*Problem statement*
Exact reproduction is required for the lines below starting at the line with "SUNLIFE – Quyoshdan energiya, sizga tejash!" and ending at the line with "Bên trong hộp", both included. No other lines, and no pictures.

─── Supplied data

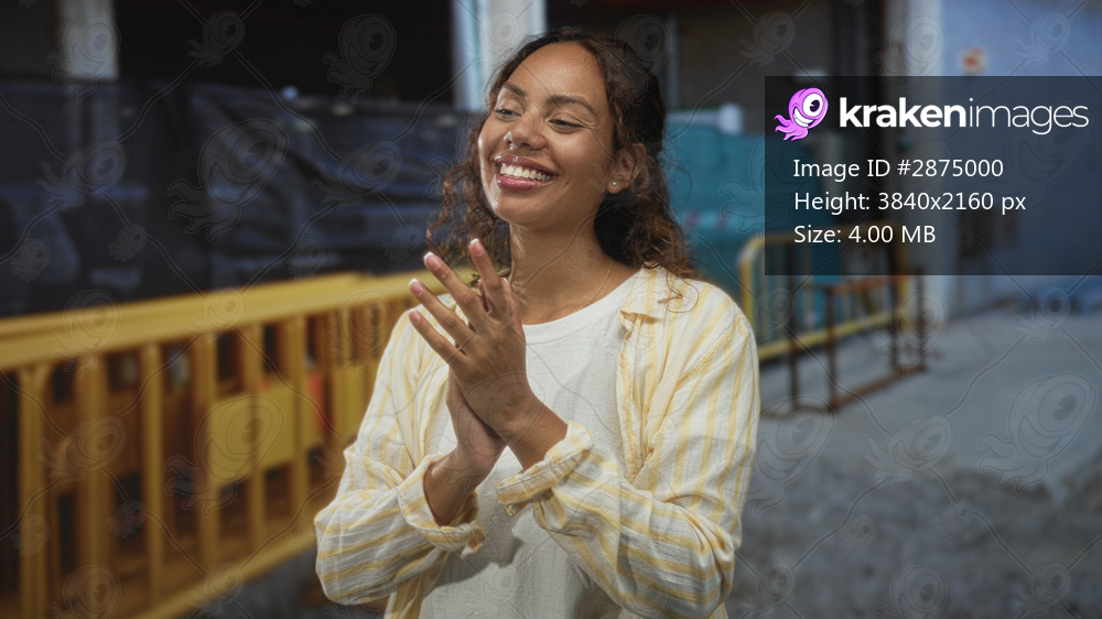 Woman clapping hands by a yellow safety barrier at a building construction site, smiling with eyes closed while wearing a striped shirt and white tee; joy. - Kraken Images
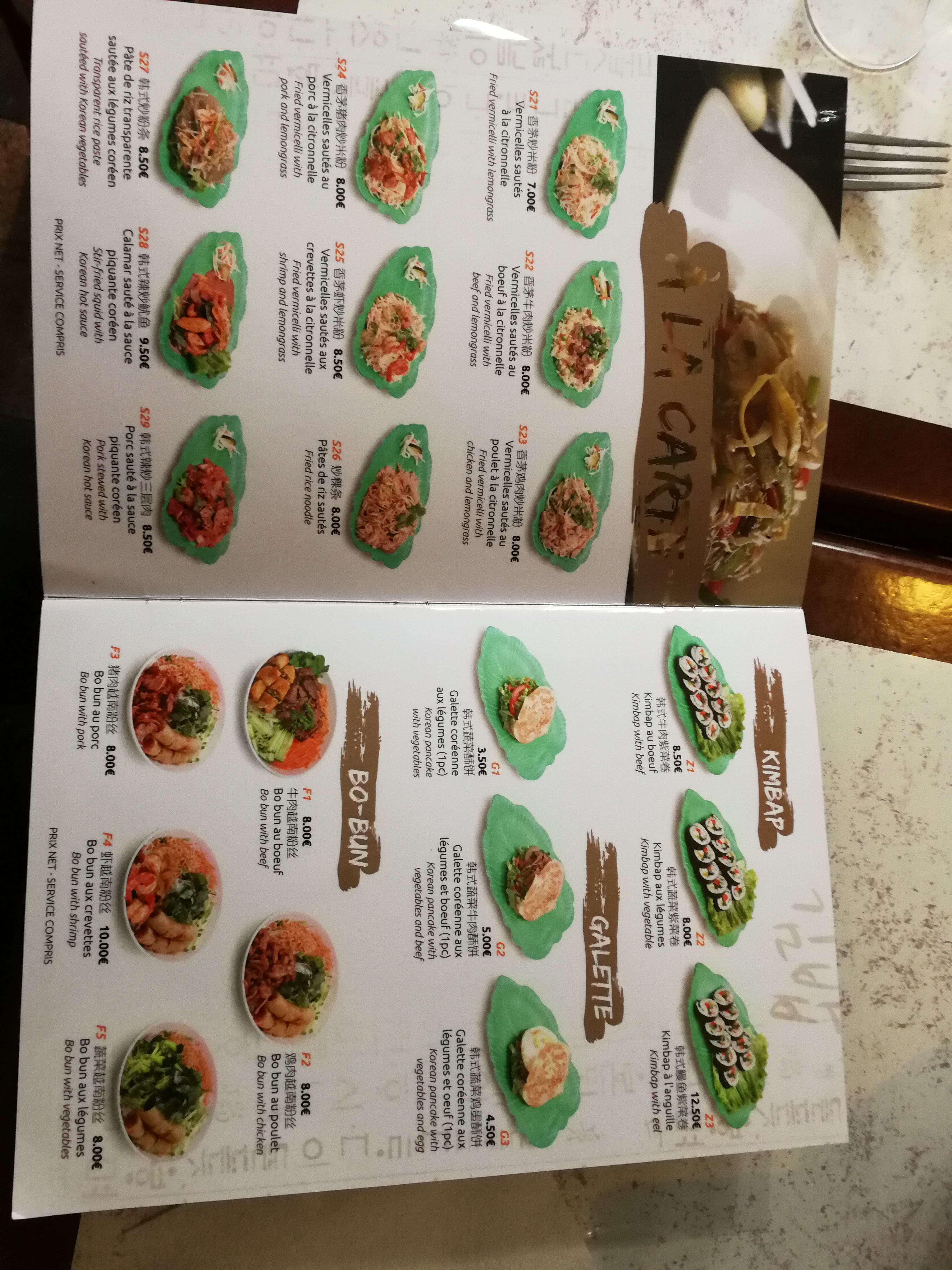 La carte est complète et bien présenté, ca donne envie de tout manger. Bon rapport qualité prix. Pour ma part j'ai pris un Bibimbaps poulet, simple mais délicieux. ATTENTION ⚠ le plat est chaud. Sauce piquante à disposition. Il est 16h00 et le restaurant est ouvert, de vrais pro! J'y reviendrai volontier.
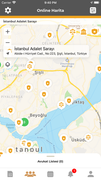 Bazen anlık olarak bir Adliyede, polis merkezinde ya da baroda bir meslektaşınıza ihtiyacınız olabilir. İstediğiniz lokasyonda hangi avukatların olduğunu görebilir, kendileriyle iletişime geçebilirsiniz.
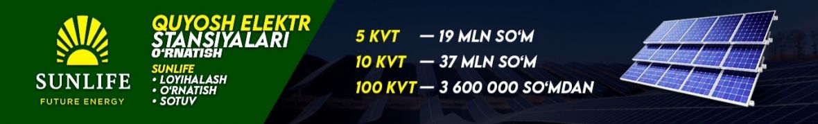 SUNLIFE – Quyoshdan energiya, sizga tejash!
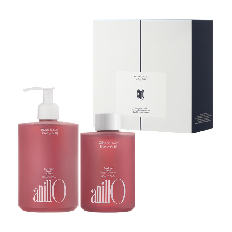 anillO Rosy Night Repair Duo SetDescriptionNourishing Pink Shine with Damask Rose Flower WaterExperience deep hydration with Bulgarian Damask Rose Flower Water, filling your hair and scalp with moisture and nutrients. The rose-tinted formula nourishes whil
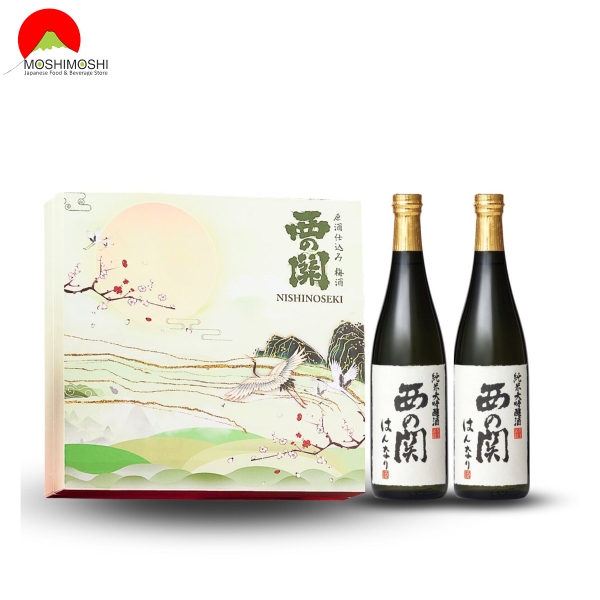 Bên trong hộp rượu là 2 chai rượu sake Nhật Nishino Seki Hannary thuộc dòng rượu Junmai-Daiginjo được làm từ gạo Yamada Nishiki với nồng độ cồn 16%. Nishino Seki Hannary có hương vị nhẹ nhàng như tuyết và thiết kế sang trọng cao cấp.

──────
─── Supplied data

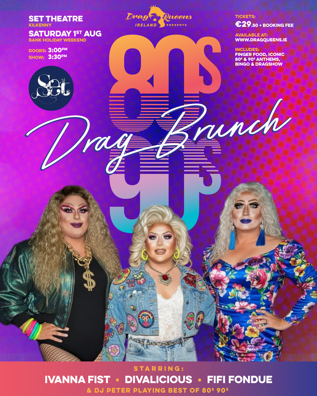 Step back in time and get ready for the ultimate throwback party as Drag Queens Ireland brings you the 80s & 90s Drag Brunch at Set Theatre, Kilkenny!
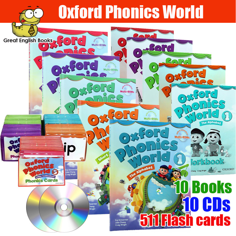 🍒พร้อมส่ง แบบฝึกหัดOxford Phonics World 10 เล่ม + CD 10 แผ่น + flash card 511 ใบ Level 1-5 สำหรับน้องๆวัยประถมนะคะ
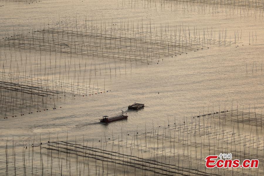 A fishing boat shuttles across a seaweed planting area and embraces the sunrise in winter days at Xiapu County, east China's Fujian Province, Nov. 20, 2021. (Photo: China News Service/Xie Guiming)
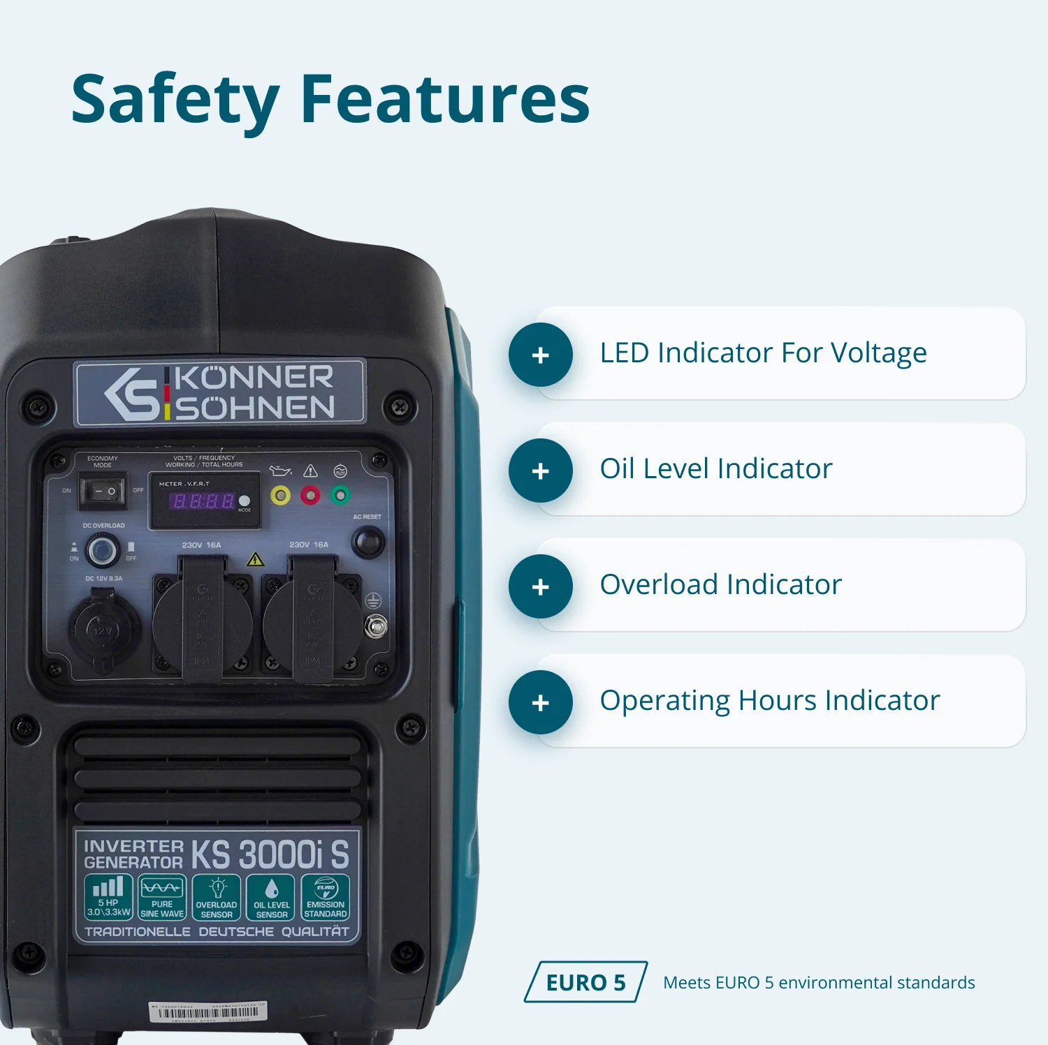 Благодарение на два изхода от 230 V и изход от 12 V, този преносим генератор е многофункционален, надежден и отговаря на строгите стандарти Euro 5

──────

*Task answer*
 SUNLIFE – Quyoshdan energiya, sizga tejash!
 anillO Rosy Night Repair Duo SetDescriptionNourishing Pink Shine with Damask Rose Flower WaterExperience deep hydration with Bulgarian Damask Rose Flower Water, filling your hair and scalp with moisture and nutrients. The rose-tinted formula nourishes whil
 Bên trong hộp rượu là 2 chai rượu sake Nhật Nishino Seki Hannary thuộc dòng rượu Junmai-Daiginjo được làm từ gạo Yamada Nishiki với nồng độ cồn 16%. Nishino Seki Hannary có hương vị nhẹ nhàng như tuyết và thiết kế sang trọng cao cấp.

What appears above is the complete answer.